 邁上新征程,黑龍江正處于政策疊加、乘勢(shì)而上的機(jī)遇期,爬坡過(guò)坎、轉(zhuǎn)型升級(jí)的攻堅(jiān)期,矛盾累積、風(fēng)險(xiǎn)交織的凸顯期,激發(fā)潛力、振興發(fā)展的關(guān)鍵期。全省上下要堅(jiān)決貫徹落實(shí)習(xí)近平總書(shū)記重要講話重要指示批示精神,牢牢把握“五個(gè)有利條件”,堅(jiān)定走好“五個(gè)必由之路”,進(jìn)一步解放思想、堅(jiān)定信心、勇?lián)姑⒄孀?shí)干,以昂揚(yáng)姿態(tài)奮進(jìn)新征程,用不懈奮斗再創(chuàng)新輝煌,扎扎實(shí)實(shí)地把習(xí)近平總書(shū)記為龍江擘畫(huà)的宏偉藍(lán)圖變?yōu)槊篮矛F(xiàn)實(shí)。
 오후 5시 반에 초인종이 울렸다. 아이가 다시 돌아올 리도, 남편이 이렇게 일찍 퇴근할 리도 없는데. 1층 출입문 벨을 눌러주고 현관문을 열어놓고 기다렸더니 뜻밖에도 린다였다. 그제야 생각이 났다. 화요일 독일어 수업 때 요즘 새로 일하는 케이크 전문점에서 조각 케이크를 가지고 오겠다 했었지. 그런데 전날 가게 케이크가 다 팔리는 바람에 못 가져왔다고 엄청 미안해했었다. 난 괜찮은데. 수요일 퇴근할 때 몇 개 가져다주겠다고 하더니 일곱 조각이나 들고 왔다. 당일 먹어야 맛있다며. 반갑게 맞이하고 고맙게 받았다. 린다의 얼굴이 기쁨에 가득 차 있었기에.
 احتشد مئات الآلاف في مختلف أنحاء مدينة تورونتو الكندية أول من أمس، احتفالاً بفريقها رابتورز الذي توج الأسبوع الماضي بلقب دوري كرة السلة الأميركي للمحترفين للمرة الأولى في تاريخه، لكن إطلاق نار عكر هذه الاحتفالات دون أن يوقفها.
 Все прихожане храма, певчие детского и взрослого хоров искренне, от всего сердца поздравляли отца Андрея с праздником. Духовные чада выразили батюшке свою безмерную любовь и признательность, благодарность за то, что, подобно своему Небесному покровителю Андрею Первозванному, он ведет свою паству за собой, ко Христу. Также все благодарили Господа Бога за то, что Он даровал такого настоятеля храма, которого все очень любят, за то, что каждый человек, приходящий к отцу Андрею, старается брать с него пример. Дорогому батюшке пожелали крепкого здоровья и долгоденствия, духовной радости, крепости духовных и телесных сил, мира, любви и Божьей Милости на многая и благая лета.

- What the task asks:
Give again each line of the listing above, keeping every word the same.

- Written response:
 邁上新征程,黑龍江正處于政策疊加、乘勢(shì)而上的機(jī)遇期,爬坡過(guò)坎、轉(zhuǎn)型升級(jí)的攻堅(jiān)期,矛盾累積、風(fēng)險(xiǎn)交織的凸顯期,激發(fā)潛力、振興發(fā)展的關(guān)鍵期。全省上下要堅(jiān)決貫徹落實(shí)習(xí)近平總書(shū)記重要講話重要指示批示精神,牢牢把握“五個(gè)有利條件”,堅(jiān)定走好“五個(gè)必由之路”,進(jìn)一步解放思想、堅(jiān)定信心、勇?lián)姑⒄孀?shí)干,以昂揚(yáng)姿態(tài)奮進(jìn)新征程,用不懈奮斗再創(chuàng)新輝煌,扎扎實(shí)實(shí)地把習(xí)近平總書(shū)記為龍江擘畫(huà)的宏偉藍(lán)圖變?yōu)槊篮矛F(xiàn)實(shí)。
 오후 5시 반에 초인종이 울렸다. 아이가 다시 돌아올 리도, 남편이 이렇게 일찍 퇴근할 리도 없는데. 1층 출입문 벨을 눌러주고 현관문을 열어놓고 기다렸더니 뜻밖에도 린다였다. 그제야 생각이 났다. 화요일 독일어 수업 때 요즘 새로 일하는 케이크 전문점에서 조각 케이크를 가지고 오겠다 했었지. 그런데 전날 가게 케이크가 다 팔리는 바람에 못 가져왔다고 엄청 미안해했었다. 난 괜찮은데. 수요일 퇴근할 때 몇 개 가져다주겠다고 하더니 일곱 조각이나 들고 왔다. 당일 먹어야 맛있다며. 반갑게 맞이하고 고맙게 받았다. 린다의 얼굴이 기쁨에 가득 차 있었기에.
 احتشد مئات الآلاف في مختلف أنحاء مدينة تورونتو الكندية أول من أمس، احتفالاً بفريقها رابتورز الذي توج الأسبوع الماضي بلقب دوري كرة السلة الأميركي للمحترفين للمرة الأولى في تاريخه، لكن إطلاق نار عكر هذه الاحتفالات دون أن يوقفها.
 Все прихожане храма, певчие детского и взрослого хоров искренне, от всего сердца поздравляли отца Андрея с праздником. Духовные чада выразили батюшке свою безмерную любовь и признательность, благодарность за то, что, подобно своему Небесному покровителю Андрею Первозванному, он ведет свою паству за собой, ко Христу. Также все благодарили Господа Бога за то, что Он даровал такого настоятеля храма, которого все очень любят, за то, что каждый человек, приходящий к отцу Андрею, старается брать с него пример. Дорогому батюшке пожелали крепкого здоровья и долгоденствия, духовной радости, крепости духовных и телесных сил, мира, любви и Божьей Милости на многая и благая лета.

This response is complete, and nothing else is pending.